Paul VI’s simple words, “If you want peace, work for justice,” have guided not only my life, but also the Shalom – Justice, Peace & Integrity of Creation ministry of the School Sisters of Notre Dame (SSND). We must let the water flow through us and move us to act with audacity. We base our lives on the call of the Gospel, which is fleshed out in our rich Catholic social teaching that recognizes the dignity of each person and all of creation. Our SSND Directional Statement, Love Gives Everything, states, “We educate, advocate, and act in collaboration with others for the dignity of life and the care of all creation (YAS, C 9, 17; GD 19). We are all called to act with justice and mercy and together we can create a sustainable and equitable world.

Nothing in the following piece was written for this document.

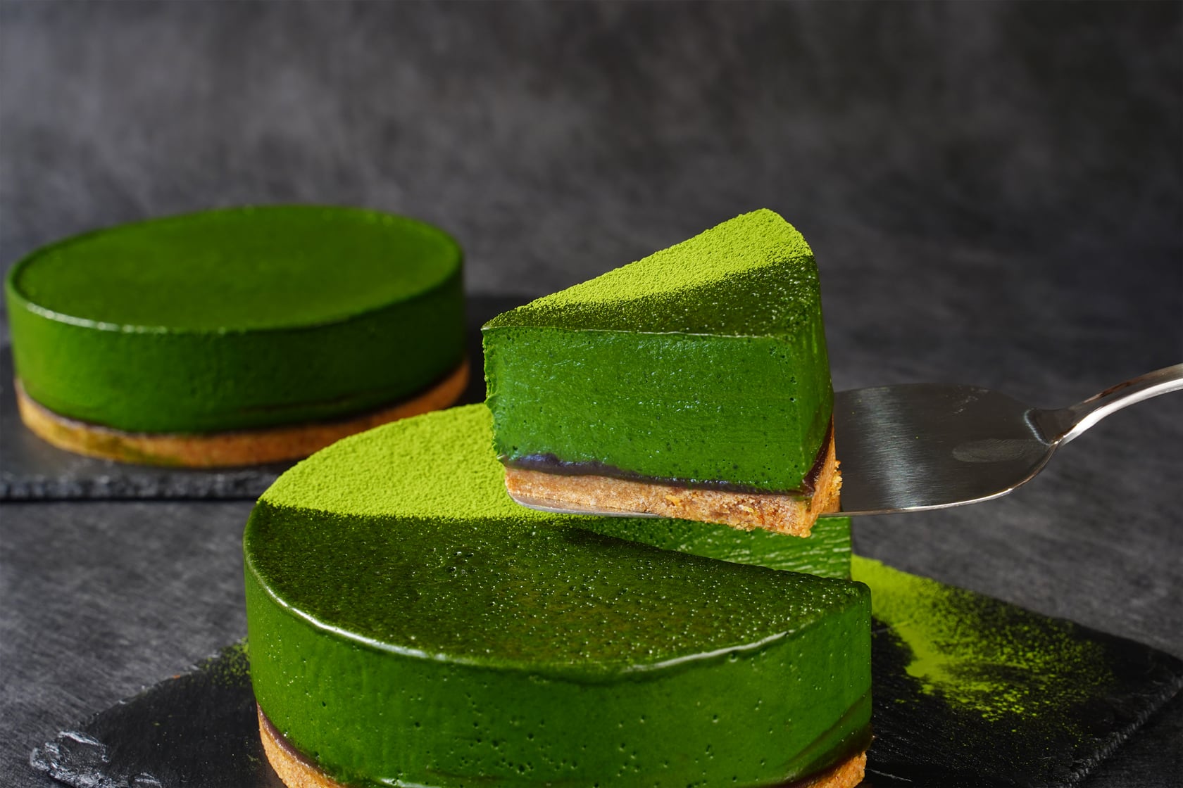 仕上げに超高級抹茶「宝喜の極 金」をさらに贅沢にふりかけた、最高級宇治産の抹茶をふんだんに使用した極上の濃厚抹茶タルトケーキです。

Setting all the captives free

In Amos 5:24, we hear, “let justice roll down like water and righteousness like an ever-flowing stream.” The mission of Jesus is clearly summarized in Luke 4:18-19 and the call to give sight to the blind, liberty to the captives and deliverance to the oppressed. Who are the captives today? Amos call means giving God’s justice and mercy to immigrants, the imprisoned and those treated the least among us. It is advocating for human dignity, offering mercy, seeking the common good, demanding racial justice and protecting the environment.

The five areas of focus for the Central Pacific province can be found on our advocacy page. In a world plagued by violence and injustice, the International Day of Peace is about creating a just and peaceful world. One symbol of this desire is the Peace Pole, which reminds us to think, speak and act in the spirit of peace. For this reason, groups of sisters, colleagues and friends will gather around this symbol on September 21 and be reminded of our common desire for peace on Earth as we pray: May peace prevail on Earth!